Depends on your definition of cheap? And what sort of stat do you need?


----------



## awalton007 (Mar 7, 2011)

I think I just need a heat mat one because it feels really warm In there so I think it's safer if I get one


----------



## Swain86 (Jan 23, 2011)

Reptile Thermostats - Surrey Pet Supplies

Try there


----------



## Ophexis (Feb 19, 2010)

awalton007 said:


> I think I just need a heat mat one because it feels really warm In there so I think it's safer if I get one


Please take my advice from last night and get the beardie a heat lamp (and thermostat) for the daytime, rather than the heat mat - he will feel much better for it!


----------



## awalton007 (Mar 7, 2011)

I bought the kit and it came with a 60 watt heat light and a 30 heat mat. I don't wanna not use it as it would be a waste of money or do I use it at night for him to sleep on.


----------



## Ophexis (Feb 19, 2010)

awalton007 said:


> I bought the kit and it came with a 60 watt heat light and a 30 heat mat. I don't wanna not use it as it would be a waste of money or do I use it at night for him to sleep on.


You can use the heat mat at night, of course! Stat it to about 75-80*F.
But for daytime heat, the bulb is best. 110-115*F for babies, 100-105*F for adults.


----------



## Graham (Jan 27, 2007)

You bought a kit with a heat mat and a heat lamp, did they not provide stats as well then?


----------



## Stevan (Nov 1, 2006)

The heat mat would be better situated on the side of the viv so the beardie can not lie directly on top of it, beardies do not feel localised or heat from below very well so even if you have the mat on a stat it may still result in a burn.


----------



## Nix (Jan 23, 2008)

You need a mat stat or pulse proportional stat for your mat and a dimming stat or a pulse proportional stat for your bulb. 

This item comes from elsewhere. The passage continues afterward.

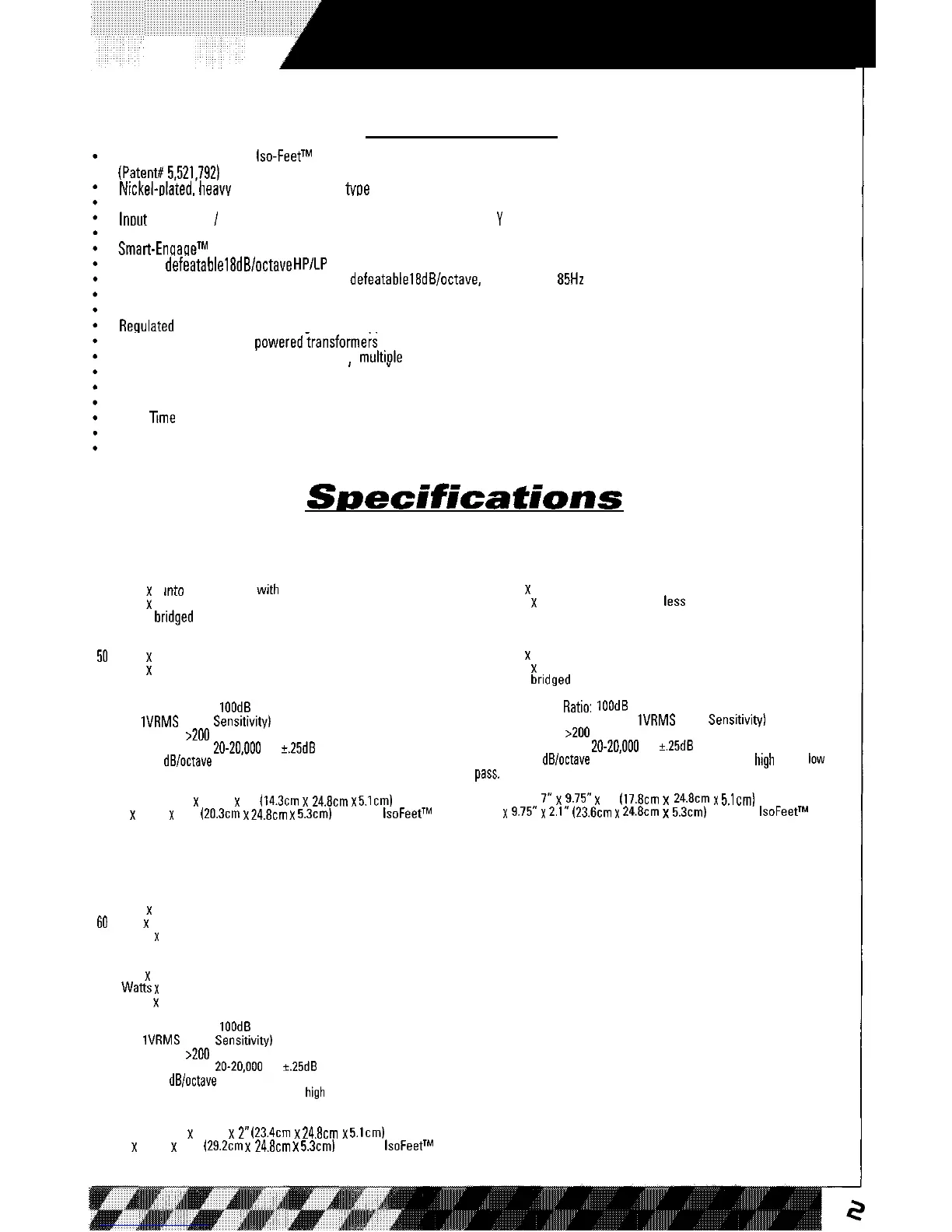 Defeatable 18 dB/octave crossover at85 Hz. selectable for high pass. low

Ebay is a good place to look, the classifieds on here aren't bad either. I would go with a habistat or microclimate brand. Not sure what the lucky reptile ones are like. Maybe someone else can advise.

Nix


----------



## awalton007 (Mar 7, 2011)

So am I best using the lamp in the day and a heat mat at night on a thermostat so it stays over 20ish


----------



## Nix (Jan 23, 2008)

All heat sources should be statted. If you are going to run a mat and a lamp you will need two stats. I would prefer a heat source that doesn't emit light so you can leave it on at night and then your UV lamp for brightness on a timer. The 12% arcadia tubes are the best for UV for beardies. Mounted on the inside front of the viv with a reflector reflecting the light back into the viv. Definitely ask for advice in the lizard section. Arcadiajohn is your man re UV and arcadia products.


----------